Working data:
___

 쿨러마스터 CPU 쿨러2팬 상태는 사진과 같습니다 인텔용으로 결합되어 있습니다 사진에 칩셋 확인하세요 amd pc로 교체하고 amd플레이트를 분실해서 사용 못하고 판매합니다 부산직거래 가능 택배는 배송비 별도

___

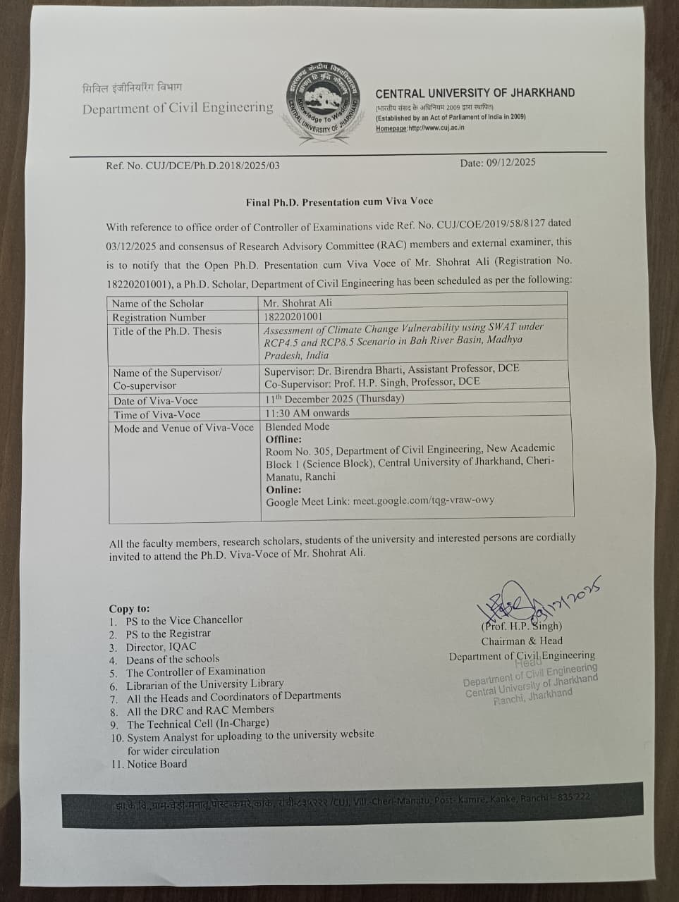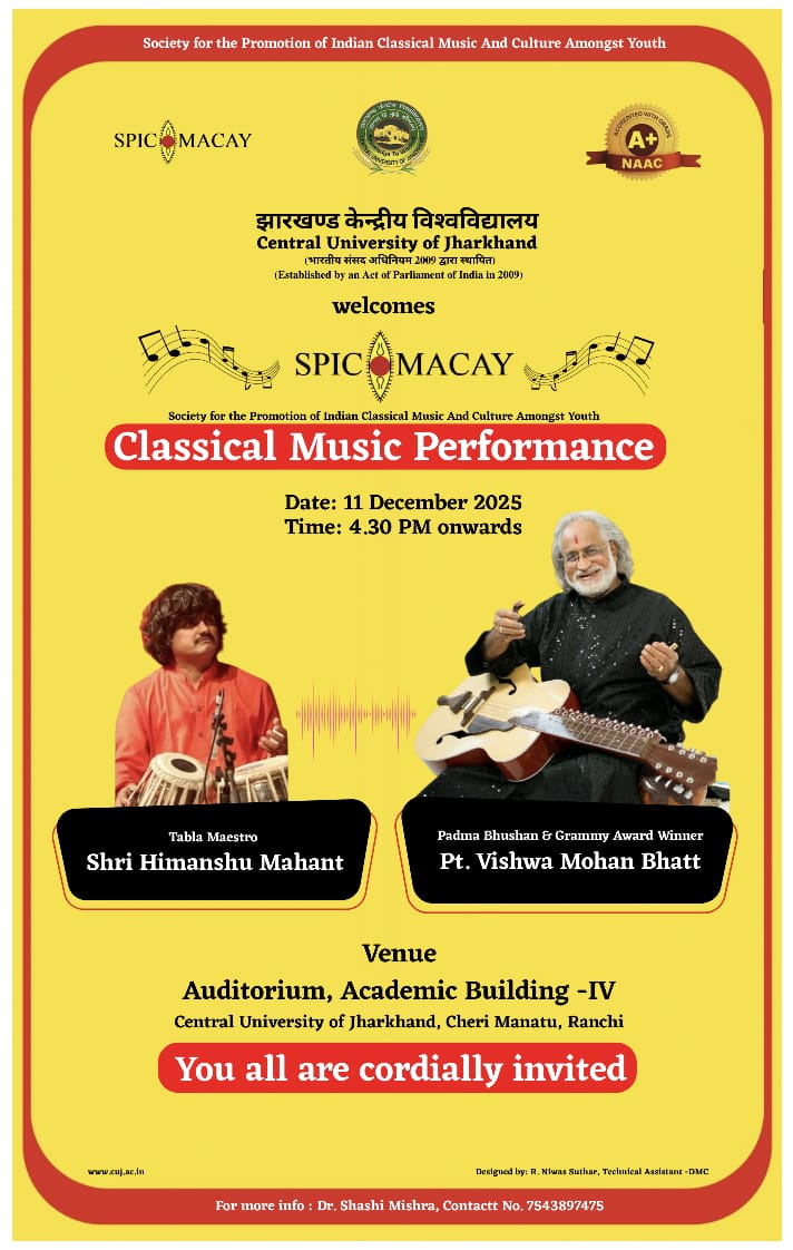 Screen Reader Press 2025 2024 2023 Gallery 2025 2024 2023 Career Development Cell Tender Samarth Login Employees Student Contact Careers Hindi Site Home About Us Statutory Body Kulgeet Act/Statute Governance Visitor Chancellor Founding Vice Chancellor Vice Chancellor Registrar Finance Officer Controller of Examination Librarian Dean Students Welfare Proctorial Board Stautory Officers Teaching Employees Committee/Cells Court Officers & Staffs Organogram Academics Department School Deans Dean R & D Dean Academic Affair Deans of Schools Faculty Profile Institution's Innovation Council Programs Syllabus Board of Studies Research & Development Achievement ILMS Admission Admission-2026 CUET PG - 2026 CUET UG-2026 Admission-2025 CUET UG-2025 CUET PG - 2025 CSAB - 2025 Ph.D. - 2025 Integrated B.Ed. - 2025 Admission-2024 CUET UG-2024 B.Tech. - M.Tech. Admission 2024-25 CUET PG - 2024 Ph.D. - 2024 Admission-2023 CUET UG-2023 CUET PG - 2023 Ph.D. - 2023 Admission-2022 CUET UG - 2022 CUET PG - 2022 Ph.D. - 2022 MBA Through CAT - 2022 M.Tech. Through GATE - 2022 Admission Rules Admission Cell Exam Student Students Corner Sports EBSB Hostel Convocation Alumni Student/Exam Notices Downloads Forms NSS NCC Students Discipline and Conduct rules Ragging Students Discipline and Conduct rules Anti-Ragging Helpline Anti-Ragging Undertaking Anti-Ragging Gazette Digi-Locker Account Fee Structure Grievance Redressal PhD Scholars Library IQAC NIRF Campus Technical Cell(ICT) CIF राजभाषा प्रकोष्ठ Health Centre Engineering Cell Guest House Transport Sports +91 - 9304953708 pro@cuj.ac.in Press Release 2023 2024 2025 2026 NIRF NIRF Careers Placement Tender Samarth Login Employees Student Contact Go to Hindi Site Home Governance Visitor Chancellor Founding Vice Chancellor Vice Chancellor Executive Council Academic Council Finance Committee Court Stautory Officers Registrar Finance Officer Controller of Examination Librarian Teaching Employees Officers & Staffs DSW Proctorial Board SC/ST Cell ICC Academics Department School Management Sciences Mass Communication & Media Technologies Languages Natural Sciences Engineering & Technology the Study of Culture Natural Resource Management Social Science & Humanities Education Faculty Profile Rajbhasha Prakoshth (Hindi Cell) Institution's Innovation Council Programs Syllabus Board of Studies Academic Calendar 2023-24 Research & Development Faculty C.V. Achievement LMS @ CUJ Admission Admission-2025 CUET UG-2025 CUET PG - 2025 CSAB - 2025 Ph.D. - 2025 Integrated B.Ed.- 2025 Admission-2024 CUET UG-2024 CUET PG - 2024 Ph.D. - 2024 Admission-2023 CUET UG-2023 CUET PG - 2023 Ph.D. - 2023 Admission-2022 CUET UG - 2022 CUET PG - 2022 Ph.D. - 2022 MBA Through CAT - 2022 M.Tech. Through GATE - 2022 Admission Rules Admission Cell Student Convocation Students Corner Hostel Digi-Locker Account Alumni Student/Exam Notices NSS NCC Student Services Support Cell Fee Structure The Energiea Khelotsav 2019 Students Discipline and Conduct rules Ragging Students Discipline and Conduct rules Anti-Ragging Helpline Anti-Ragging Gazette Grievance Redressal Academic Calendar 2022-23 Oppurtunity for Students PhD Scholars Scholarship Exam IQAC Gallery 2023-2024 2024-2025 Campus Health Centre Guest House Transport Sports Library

___

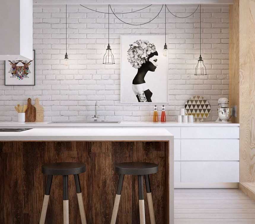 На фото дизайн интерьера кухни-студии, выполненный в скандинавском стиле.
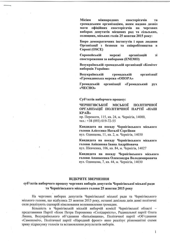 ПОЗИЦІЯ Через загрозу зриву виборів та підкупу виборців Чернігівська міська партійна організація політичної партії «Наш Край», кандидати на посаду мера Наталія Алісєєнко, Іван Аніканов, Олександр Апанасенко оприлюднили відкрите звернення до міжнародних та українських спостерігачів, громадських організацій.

___

What is expected: Starting with the line above that holds "На фото дизайн", restate each line word for word up to and including the line that holds "ПОЗИЦІЯ Через загрозу". Drop the pictures.

Answer below:
 На фото дизайн интерьера кухни-студии, выполненный в скандинавском стиле.
 ПОЗИЦІЯ Через загрозу зриву виборів та підкупу виборців Чернігівська міська партійна організація політичної партії «Наш Край», кандидати на посаду мера Наталія Алісєєнко, Іван Аніканов, Олександр Апанасенко оприлюднили відкрите звернення до міжнародних та українських спостерігачів, громадських організацій.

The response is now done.